Riabilitazione Vestibolare: È la parte più importante del trattamento a lungo termine. Consiste in una serie di esercizi fisici mirati a "rieducare" il cervello a gestire i segnali alterati provenienti dall'orecchio. Gli esercizi includono movimenti oculari, movimenti della testa e compiti di equilibrio progressivamente più complessi. La riabilitazione accelera drasticamente il recupero e riduce l'instabilità residua.

Prognosi e Decorso

La prognosi per l'altra sindrome vestibolare acuta specificata è generalmente favorevole, specialmente se la causa è periferica e il trattamento riabilitativo viene iniziato precocemente. La fase acuta più invalidante solitamente si risolve entro pochi giorni.

Il processo di guarigione completa, noto come compenso vestibolare, può richiedere da alcune settimane a diversi mesi. Durante questo periodo, il paziente può avvertire una leggera vertigine solo durante movimenti bruschi o in condizioni di scarsa illuminazione.

In alcuni casi, se la causa specificata ha provocato un danno permanente alle cellule sensoriali, può residuare una lieve instabilità cronica. Tuttavia, grazie alla plasticità del sistema nervoso centrale, la maggior parte dei pazienti torna a svolgere le normali attività quotidiane, inclusa la guida e lo sport. Le forme causate da problemi centrali (come piccoli infarti cerebellari) hanno una prognosi legata all'entità del danno neurologico e richiedono un monitoraggio più stretto.

Prevenzione

Sebbene non sia sempre possibile prevenire un evento acuto, alcune strategie possono ridurre significativamente il rischio:

  • Controllo dei fattori vascolari: Mantenere la pressione arteriosa, il colesterolo e la glicemia entro i limiti normali protegge la microcircolazione dell'orecchio interno.
  • Igiene e vaccinazioni: Proteggersi dalle infezioni virali comuni e vaccinarsi (ad esempio contro l'herpes zoster) può prevenire alcune forme di sindrome vestibolare.
  • Attenzione ai farmaci: Informare sempre il medico di eventuali sintomi uditivi o di equilibrio quando si iniziano nuove terapie farmacologiche.
  • Sicurezza fisica: Utilizzare protezioni adeguate durante attività sportive a rischio per evitare traumi cranici.
  • Stile di vita: Una dieta equilibrata, povera di eccessi di sale (che può influenzare i liquidi dell'orecchio interno), e una regolare attività fisica aiutano a mantenere il sistema dell'equilibrio efficiente.

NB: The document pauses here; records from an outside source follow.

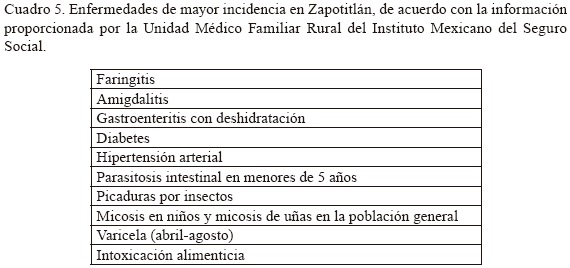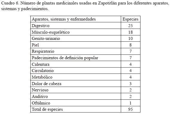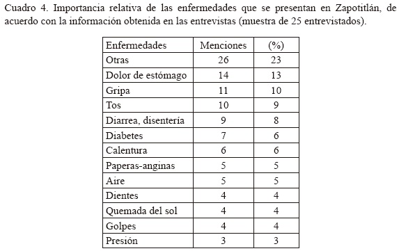 Enfermedades y plantas medicinales. La encuesta referente a las enfermedades de mayor incidencia entre la población de Zapotitlán reveló que los padecimientos considerados como los más importantes son el dolor de estómago, la gripa, la tos y la diarrea (Cuadro 4). Es interesante mencionar que algunos de estos datos coinciden con los proporcionados por el médico de la Unidad Médico Familiar Rural del Instituto Mexicano del Seguro Social (Cuadro 5) y se refleja en el gran número de plantas medicinales usadas para la curación de estos padecimientos y/o síntomas (Cuadro 6). En el caso de las dolencias gastrointestinales destacan el orégano (Lippia graveolens) y el ítamo real (Turnera diffusa), mientras que para las otras enfermedades son muy apreciadas la lengua de conejo (Sedum allantoides), el popote (Gymnosperma glutinosum) y el barredor (Cordia curassavica). Por otra parte, se encontró que existen síntomas que la población reconoce como enfermedades diferentes a las antes mencionadas y para cuya curación tienen plantas específicas. Ejemplo de ello es el caso del dolor de cabeza, para el cual se emplean las hojas frescas del gigante (Nicotiana glauca). Adicionalmente, hay una serie de padecimientos que pudieran considerarse de filiación cultural, los cuales no entran dentro del cuadro básico de enfermedades que trata la medicina oficial y entre los que se puede mencionar el "aire", para cuyo tratamiento se usa la ruda (Ruta chalepensis).
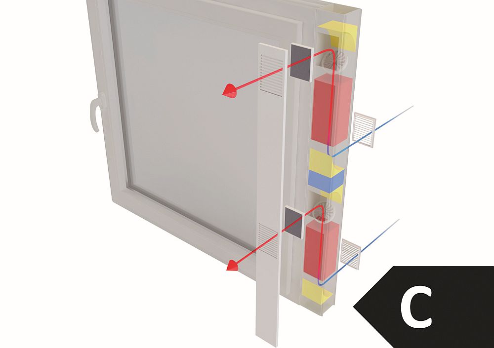 Der neue Weru-AeroTherm Lüfter, für die AFINO-Fenstersysteme, sorgt hier für Abhilfe. Er stellt den notwendigen Luftaustausch nahezu ohne Wärmeverlust sicher, durch Vorerwärmung der einströmenden Luft auf 17 °C bei einer Außentemperatur von – 10 °C und einer Zimmertemperatur von 20 °C. Das entspricht einem Wirkungsgrad von 90 Prozent. Der Weru-AeroTherm Lüfter reduziert zusätzlich die in der Luft befindlichen Schadstoffe - durch Kohleaktivfilter und zusätzlich integrierbare Pollenschutzfilter.
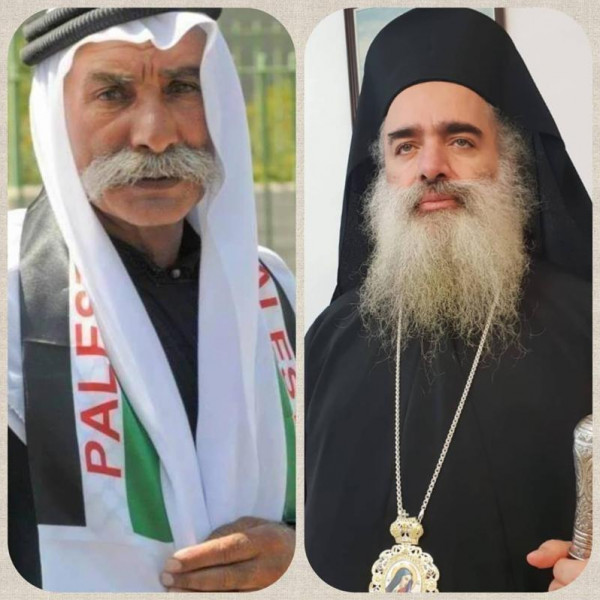 وقال المطران بأننا نوجه التحية لهذا الشيخ المناضل والمكافح والمتشبث بأرضه وهويته ودفاعه عن بلده .
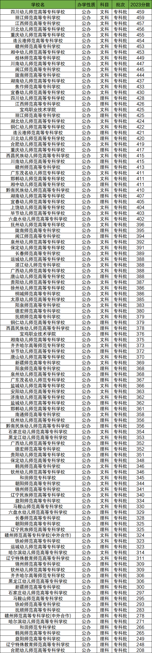 由于师范学校在各省的专科录取分数线都是有所不同的,在此以四川省为例,2023年在四川省分数线最高的师范大专学校是四川幼儿师范高等专科学校文科459分,理科428分。

Quando Consultare un Medico

Una sindrome vestibolare acuta deve essere sempre considerata un'emergenza medica fino a prova contraria. È necessario recarsi immediatamente in un pronto soccorso se la vertigine è accompagnata da uno dei seguenti "segnali d'allarme" (red flags):

  • Improvvisa perdita dell'udito profonda.
  • Mal di testa intenso e diverso dal solito, specialmente se localizzato alla nuca.
  • Visione doppia o perdita parziale della vista.
  • Debolezza o formicolio a un braccio, a una gamba o a metà del volto.
  • Difficoltà a articolare le parole o a deglutire.
  • Incapacità assoluta di stare in piedi o camminare, anche con aiuto.
  • Stato di confusione mentale o alterazione della coscienza.

Anche in assenza di questi sintomi gravi, una vertigine che dura più di qualche ora richiede una valutazione specialistica otorinolaringoiatrica o neurologica per una corretta diagnosi e per iniziare tempestivamente la terapia più idonea.